By: Hannah Lin (CC '23)
Can you talk a bit about your background?
My name is George Hripcsak. I went to medical school at Columbia, trained in internal medicine, and later got a master’s degree in biostats. I’ve been in the Department of Biomedical Informatics since 1988. I’m currently the Vivian Beaumont Allen Professor and Chair of the department, and I do research in data science and healthcare.
Can you describe your COVID research at the moment?
New York is one of the epicenters of the COVID disease, unfortunately. We’ve collected a lot of data on patients and there are a lot of questions on what treatments are effective and what the risk factors are. We’ve done some work local to Columbia and some collaborative international research.
I’ll talk about the international one first: OHDSI [pronounced odyssey]—Observational Health Data Sciences and Informatics—is an international collaboration with 300 researchers, 30 countries, 600 million unique patients in our federated database. Columbia University is the coordinating center for OHDSI, and I’m the director of that coordinating center. With the appearance of COVID-19, we engaged in COVID research. We were actually supposed to run our annual European symposium at Oxford in the UK just as everything was shutting down, so we turned it into a virtual symposium. It turned into a study-a-thon (like a hackathon to do a study). We spent four days straight, 24 hours a day, working on COVID research, and that is what got us started. We had 350 people and we used the Microsoft Teams platform. Because we had Asia, Europe, and North America, the different time zones meant there was always something going on and we were getting up for all the calls all around the clock, pretty much. And we’ve continued for several weeks now.

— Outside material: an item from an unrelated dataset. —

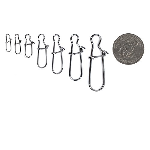 Hooked Snap #0 | 12lbs (6 kg) TEST | Length:0.5" (13mm) #1 | 44lbs(20kg) TEST | Length:0.6" (15mm) #2 | 55lbs(25kg) TEST | Length: 0.7"(17mm) #3 | 77lbs(35kg) TEST | Length0.8" (20mm) #4 | 88lbs(40kg) TEST | Length:0.9"(24mm) #5 | 99lbs((45kg) TEST | Length:1.1"(29mm) #6 |110lbs(50kg) TEST | Length: 1.3"( 34mm) #7 |132lbs(60kg) TEST | Length: 1.6"(40mm) #8 |182lbs(80kg) TEST | Length:1.9"(48mm)

There are three things we do in OHDSI for COVID research: characterization, estimation, and prediction. Characterization is measuring how often different things happen in the disease. You may have seen news stories that older people, people with hypertension, and people with other various risk factors get the disease or serious complications more often. We’re looking at databases in Korea, Spain, and the UK, and several databases in the US: Columbia, the Veterans Administration, Tufts, Stanford, and others. We find that compared to influenza, COVID is a young person’s disease. That is, influenza affects old people and people with chronic diseases much more severely. The difference for COVID-19 is actually that compared to influenza, we’re getting more younger people than we would have expected based on the influenza experience. COVID-19 still affects older people or those with chronic disease more severely, but healthy people are also getting ill at a rate much higher than ever before.
There are a number of questions that pop up, like what role does obesity play? And is the greater COVID-19 risk with hypertension due to hypertension or to the drugs used to treat hypertension? Are older people getting sick because they have chronic diseases or are people with chronic disease getting sick because they’re older, or is it both things independently? Once you start asking questions about what is causing an effect, then you move away from characterization to population-level estimation. This includes risk factors and treatment effects.
Here is the first estimation study on COVID-19 patients that OHDSI is doing. There’s a class of drugs related to angiotensin—angiotensin converting enzyme inhibitors and angiotensin receptor blockers (ACEi and ARB). Based on the physiology, some posit that they predispose you to get infected and get complications once you’re infected. Others posit that they help patients with COVID. We’re carrying out a study to answer that question right now. We’re doing it extremely rigorously. We create our study protocol very carefully. We’re defining all our endpoints; we’re defining all the phenotypes. We’re publishing the protocol publicly so that we can’t change it mid-study. When we run the study, we blind ourselves to the results so that no one’s allowed to see them. We then unblind everyone at once to the answer across all sites so no one can tweak the statistical methods to get the answer they wanted to see.
The third OHDSI product is patient-level prediction: given my personal risk factors, what’s my risk of being infected? What’s my risk of severe complications? This can be used to decide if it is safe for someone at the hospital to go home.
The first COVID study OHDSI did was actually not on COVID-19 patients, but on patients who were taking hydroxychloroquine and azithromycin to see what their safety risk was, just in case we give the drugs to people as prophylaxis against getting COVID, such as healthcare workers. What extra risk are they taking on by taking the drug, and does that outweigh any benefits from taking the drug? What we found was that for a 30-day period, hydroxychloroquine is relatively safe, but taken in combination with azithromycin, which is what many people are doing, there is a notably increased risk of sudden cardiac death due to arrhythmias, due to the known side effects of those two drugs. That study was used by the EMA (the European version of the food and drug administration) in their decisions on how to treat those two drugs and was also used by the US FDA.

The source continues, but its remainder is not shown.